- _Task directions_
Set down the final stretch of the data, from the line that holds "提高合规性:RPA严格按照预" through the last line, both included, with pictures left out.

- _Input for this task_
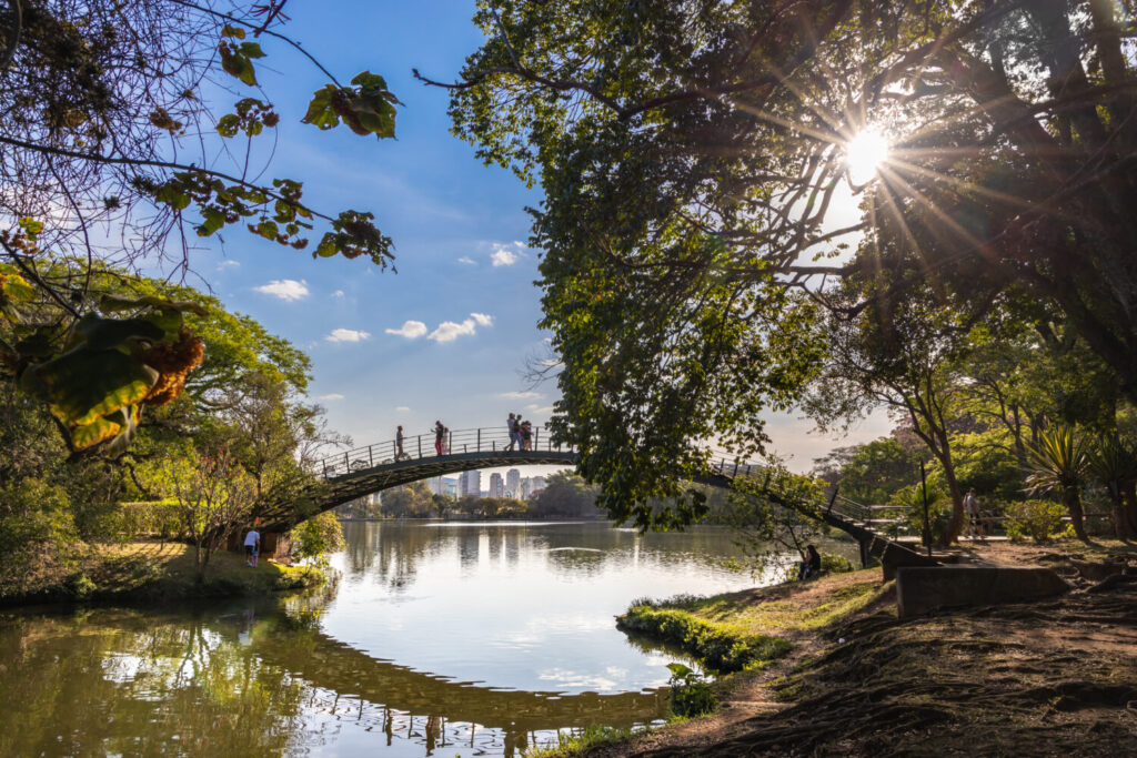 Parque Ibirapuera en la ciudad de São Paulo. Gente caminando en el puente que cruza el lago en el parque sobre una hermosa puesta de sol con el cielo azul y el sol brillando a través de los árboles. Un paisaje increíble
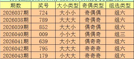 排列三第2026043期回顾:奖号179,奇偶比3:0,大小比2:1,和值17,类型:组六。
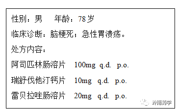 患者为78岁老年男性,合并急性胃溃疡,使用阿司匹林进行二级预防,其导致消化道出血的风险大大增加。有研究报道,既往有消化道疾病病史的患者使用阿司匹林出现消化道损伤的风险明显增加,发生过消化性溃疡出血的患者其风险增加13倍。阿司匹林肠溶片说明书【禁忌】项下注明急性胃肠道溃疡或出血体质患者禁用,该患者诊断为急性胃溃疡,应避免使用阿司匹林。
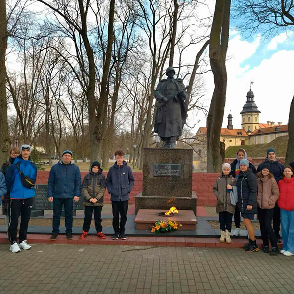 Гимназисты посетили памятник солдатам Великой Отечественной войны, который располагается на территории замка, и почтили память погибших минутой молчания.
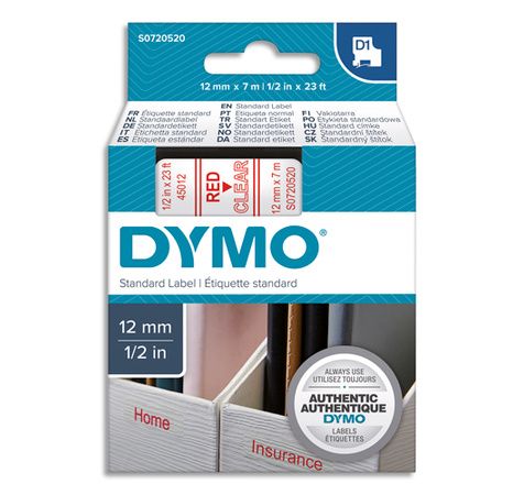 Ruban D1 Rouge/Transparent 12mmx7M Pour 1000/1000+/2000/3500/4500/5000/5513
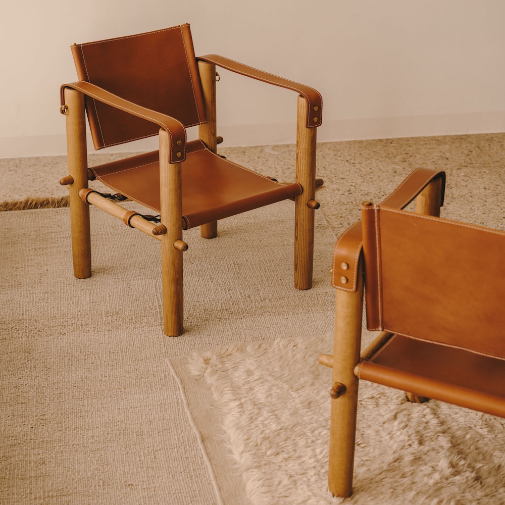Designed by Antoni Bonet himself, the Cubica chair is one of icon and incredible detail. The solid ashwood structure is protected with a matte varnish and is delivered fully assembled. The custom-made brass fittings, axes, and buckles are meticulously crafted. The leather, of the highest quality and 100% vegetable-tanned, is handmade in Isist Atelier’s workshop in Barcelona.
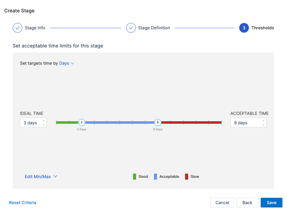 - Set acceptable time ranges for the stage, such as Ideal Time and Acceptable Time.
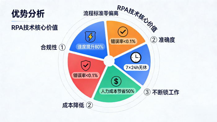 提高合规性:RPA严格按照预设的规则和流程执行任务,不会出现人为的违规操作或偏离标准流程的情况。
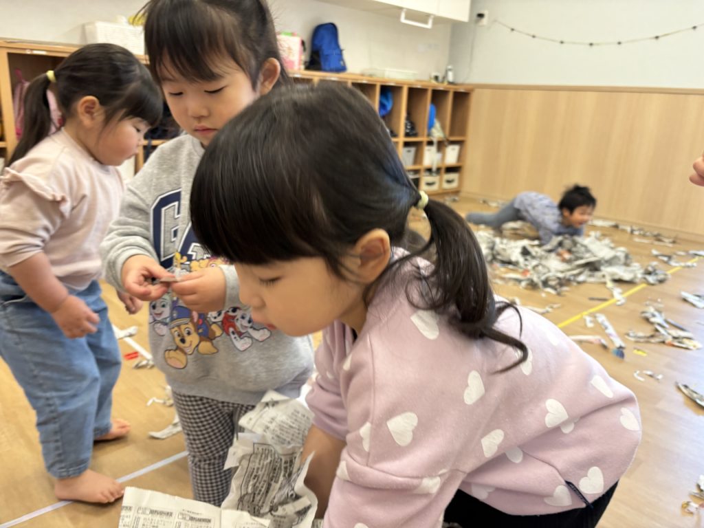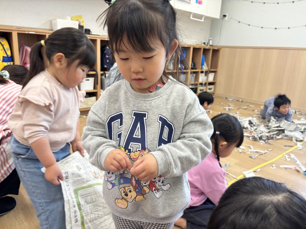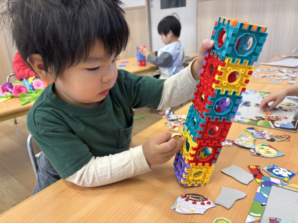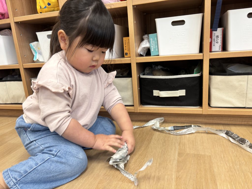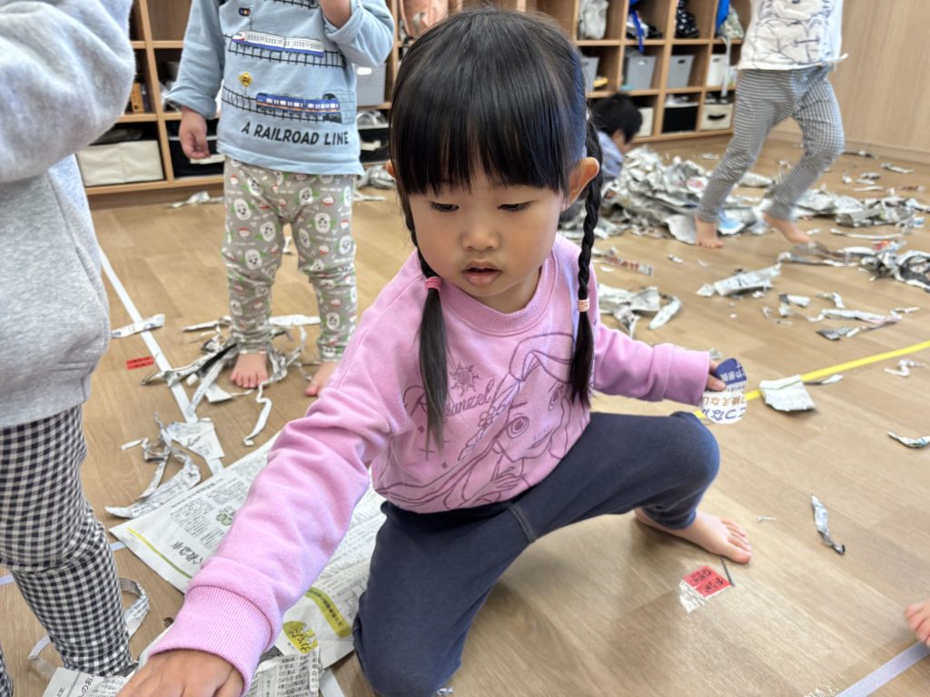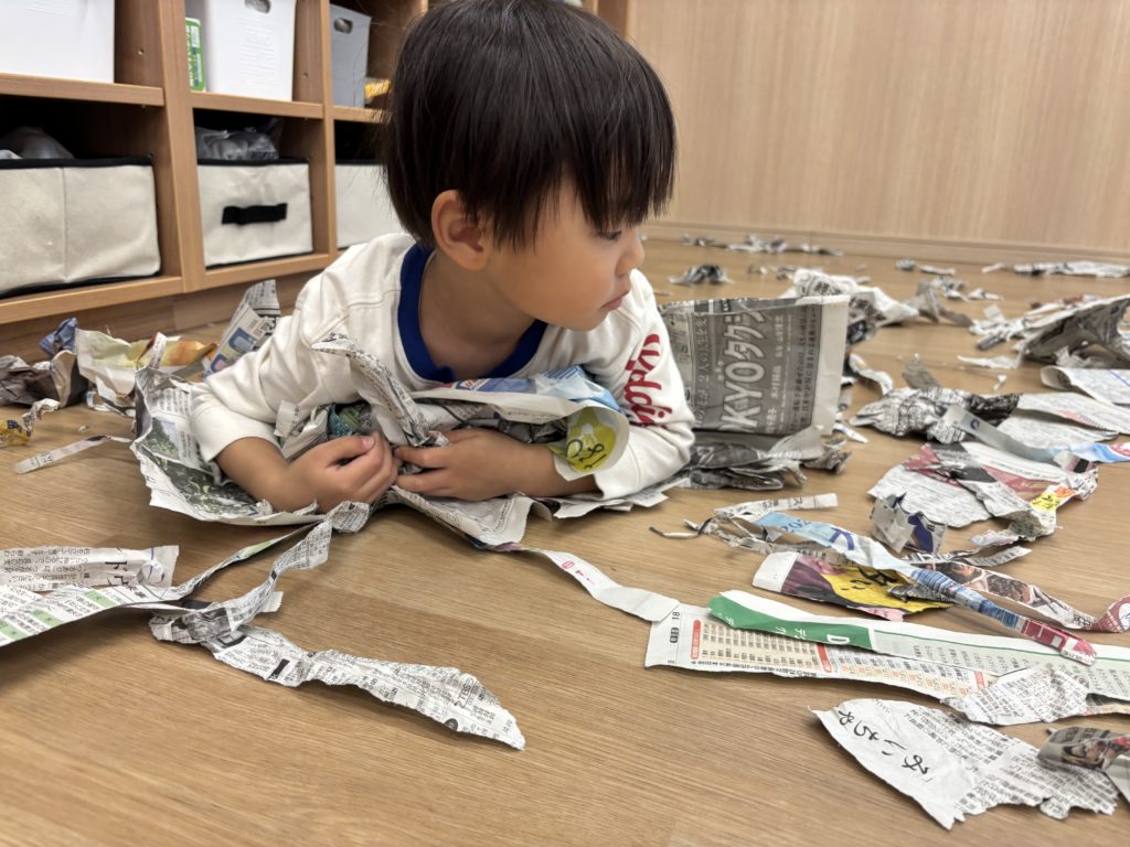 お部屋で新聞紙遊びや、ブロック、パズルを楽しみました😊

- _Exercise output_
 提高合规性:RPA严格按照预设的规则和流程执行任务,不会出现人为的违规操作或偏离标准流程的情况。
 お部屋で新聞紙遊びや、ブロック、パズルを楽しみました😊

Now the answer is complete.